The FDA has granted a fast track designation to ALLO-605, a next-generation allogeneic CAR T-cell therapy for the treatment of relapsed or refractory multiple myeloma, according to a press release by Allogene Therapeutics.1
ALLO-605 targets the B-cell maturation antigen and has the potential to fill an unmet clinical need for patients who have failed other standard multiple myeloma therapies. The agent utilizes TurboCAR technology, which allows for cytokine activation signaling which is selectively engineered into CAR T cells. A phase 1 study dose-escalation study, IGNITE, is currently underway.

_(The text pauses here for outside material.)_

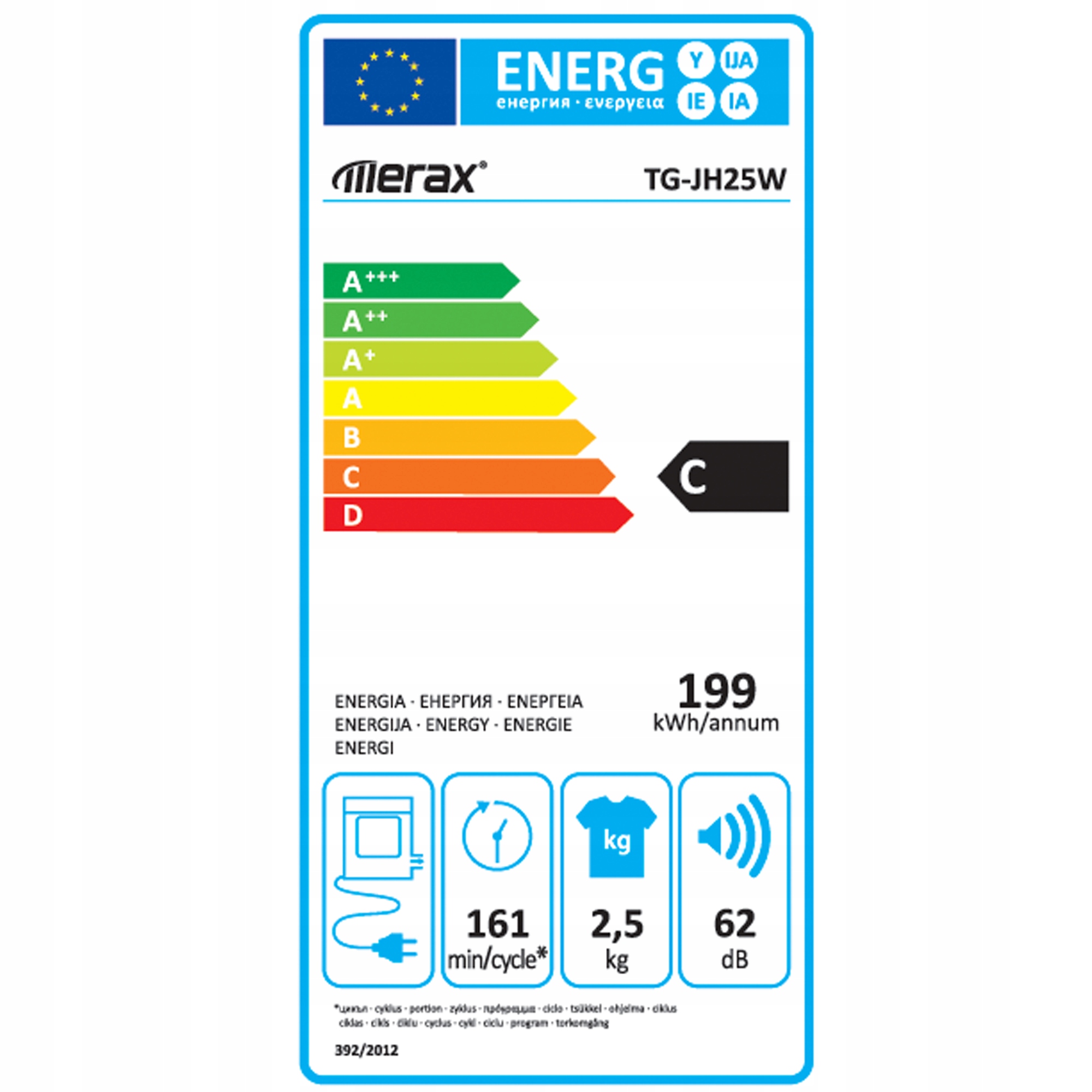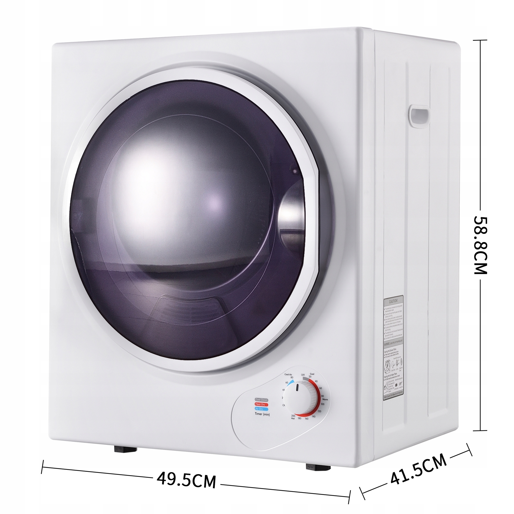 Suszarka wentylacyjna o pojemności 2,5 kg, montaż na ścianie, 200-minutowy timer, podwójny filtr, grzałka ceramiczna PTC, bęben ze stali nierdzewnej, zabezpieczenie przed przegrzaniem, temperatura suszenia 65°C

“We are very pleased with the continued momentum of our anti-BCMA portfolio for patients with multiple myeloma and look forward to making allogeneic CAR T therapy a potential option for these patients,” said Rafael Amado, MD, executive vice president of research and development and chief medical officer of Allogene Therapeutics, in a press release. “With studies now underway for ALLO-715 alone and in combination with a gamma-secretase inhibitor, as well as ALLO-605 as our next-generation CAR T, we are taking an aggressive three-pronged approach aimed at exploring the unique attributes of AlloCAR T therapies for patients with rapidly progressing disease.”

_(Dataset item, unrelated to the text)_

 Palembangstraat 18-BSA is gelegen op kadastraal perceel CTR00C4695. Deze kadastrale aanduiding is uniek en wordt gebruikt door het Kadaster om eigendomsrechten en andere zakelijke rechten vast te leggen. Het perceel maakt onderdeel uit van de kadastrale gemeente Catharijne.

Preclinical models found that ALLO-605 induced prolonged antitumor responses and persistence as well as a favorable safety profile. These results support the clinical investigation of the agent, according to research presented at 2020 American Society of Hematology’s Annual Meeting.2
The company’s other multiple myeloma CAR T-cell product, ALLO-715, was granted a regenerative medicine advanced therapy designation (RMAT designation) in April 2021. The off-the-shelf product proved to be safe and effective in a heavily pretreated population.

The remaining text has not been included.